Since the spray back plate 33 carries high-frequency voltage, the cavity cover 1 is grounded, the cavity cover and the cavity cover cannot be conducted, and the third fastening piece 15 is made of metal and has a conductor function. Therefore, the insulating sleeve 16 is made of a high temperature resistant insulating material, preventing the third fastening member 15 from electrically connecting the shower back plate 33 and the chamber cover 1. The second spacer 19 is installed between the head of the third fastening member 15 and the electrified shower plate 22, and insulates the third fastening member 15 from the shower plate 22. Thus, the high-frequency voltage carried by the shower back plate 33 and the shower plate 22 is prevented from being transmitted to the chamber cover 1.

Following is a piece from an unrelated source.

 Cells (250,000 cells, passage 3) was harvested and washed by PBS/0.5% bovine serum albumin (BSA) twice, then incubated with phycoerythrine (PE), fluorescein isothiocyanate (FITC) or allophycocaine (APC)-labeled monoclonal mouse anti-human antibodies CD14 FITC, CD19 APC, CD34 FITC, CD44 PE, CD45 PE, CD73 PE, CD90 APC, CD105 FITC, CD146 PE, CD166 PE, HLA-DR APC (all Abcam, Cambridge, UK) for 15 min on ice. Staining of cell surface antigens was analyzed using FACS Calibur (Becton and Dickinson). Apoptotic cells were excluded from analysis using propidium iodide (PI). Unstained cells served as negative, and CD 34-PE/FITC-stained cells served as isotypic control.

In the present embodiment, the components such as the spray back plate 33, the spray plate 22, and the uniform flow plate 23 are easily contaminated by the deposition of the thin film and the formation of dust particles during the process, so the spray back plate 33 may be provided with a heating portion therein to heat the components such as the spray back plate 33, the spray plate 22, and the uniform flow plate 23 and the internal gas thereof, on one hand, the temperature of the gas distribution mechanism may be increased to reduce the deposition of the thin film on the surface and the adhesion of the dust, on the other hand, the process gas may be heated to reach or approach the process temperature before the process is performed, thereby improving the uniformity of the thin film deposition and the efficiency of the thin film deposition, and reducing the cost. The heating part may be a heater nested on the upper surface of the shower back plate 33.

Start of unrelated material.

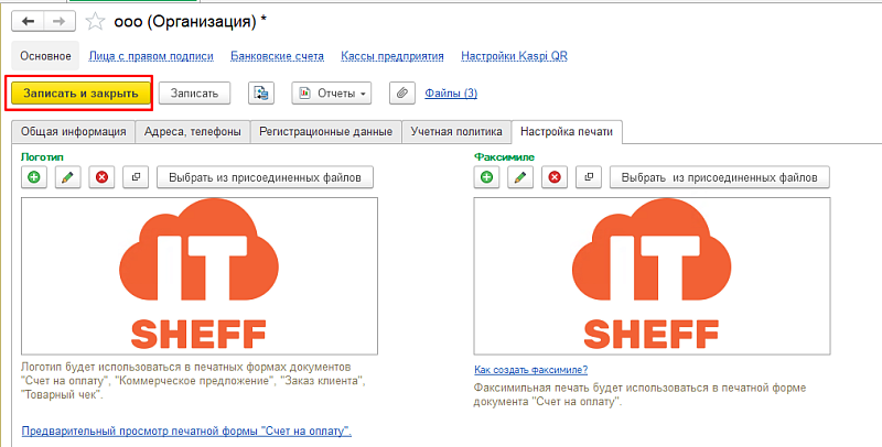 Теперь логотип и подпись будут автоматически отображаться в печатных формах:

Meanwhile, the spraying back plate 33 is provided with high-frequency voltage, and the outgoing line of the heating part of the back plate of the spraying plate 22 is connected with the filter, so that the mutual influence between the high-frequency voltage of the spraying back plate 33 and the heating part and the temperature measuring sensor of the heating part can be eliminated. The cavity cover 1 may be provided with an insulating sleeve through which the lead wire is passed. The insulating sleeve is made of high-temperature-resistant insulating material, so that the high-frequency voltage of the leading-out wire of the heating part is prevented from being transmitted to the cavity cover 1.

In the present embodiment, a third gap 57 is provided between the chamber cover 1 and the shower back plate 33. The thin film deposition apparatus may further include a second gas inlet pipe and a second cover plate. The second inlet pipe is used for conveying inert gas. The second cover plate is arranged on one surface of the cavity cover 1 facing the spraying back plate 33, and the second cover plate and the cavity cover 1 form a purging cavity. The outlet of the second air inlet pipe is connected with the purging cavity. The second cover plate is provided with a plurality of purge holes for communicating the purge cavity with the third gap 57.

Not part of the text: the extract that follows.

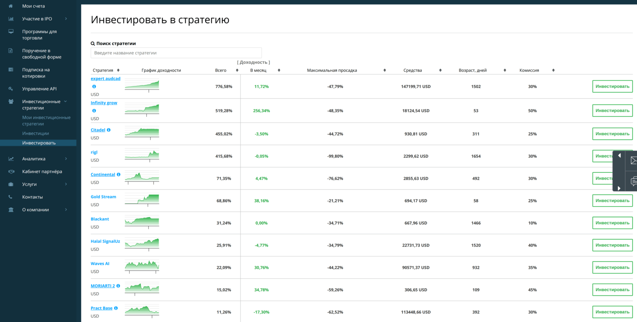 Механика стандартная: вы выбираете управляющего из списка доступных стратегий, анализируете его историю торговли (доходность, просадки, стаж), подключаетесь и ждёте результата. Управляющий берёт комиссию — обычно 20–50% от прибыли, точные условия зависят от конкретной стратегии. Ваши средства остаются на вашем счёте — управляющий не имеет прямого доступа к ним и не может их вывести, что защищает от мошенничества.

The inert gas enters the purging cavity from the second gas inlet pipe and flows into a third gap 57 formed among the cavity cover 1, the spraying back plate 33 and the first insulating ring 13, the process gas is blown away from the third gap 57, the process gas is prevented from forming dust particle pollution by thin film deposition on the surface of a part of the third gap 57, and arcing discharge between the lower surface of the cavity cover 1 and the upper surface of the spraying back plate 33 is prevented.

The shape of the main body is not limited uniquely in the embodiments of the present application, and may be a rectangular parallelepiped, a cylinder, or another three-dimensional shape. Accordingly, the cross-section of the body in a direction perpendicular to the first direction X may be rectangular, circular or other shape. In this embodiment, the cross-section may be square with a side length of at least 2 meters. I.e. the reaction chamber has a side length of at least 2 meters. The embodiment has a large-area cavity, so that a large-area carrier plate and a large-area spray plate 22 can be arranged, and the large-area carrier plate can contain more objects to be processed, thereby improving the productivity and reducing the cost.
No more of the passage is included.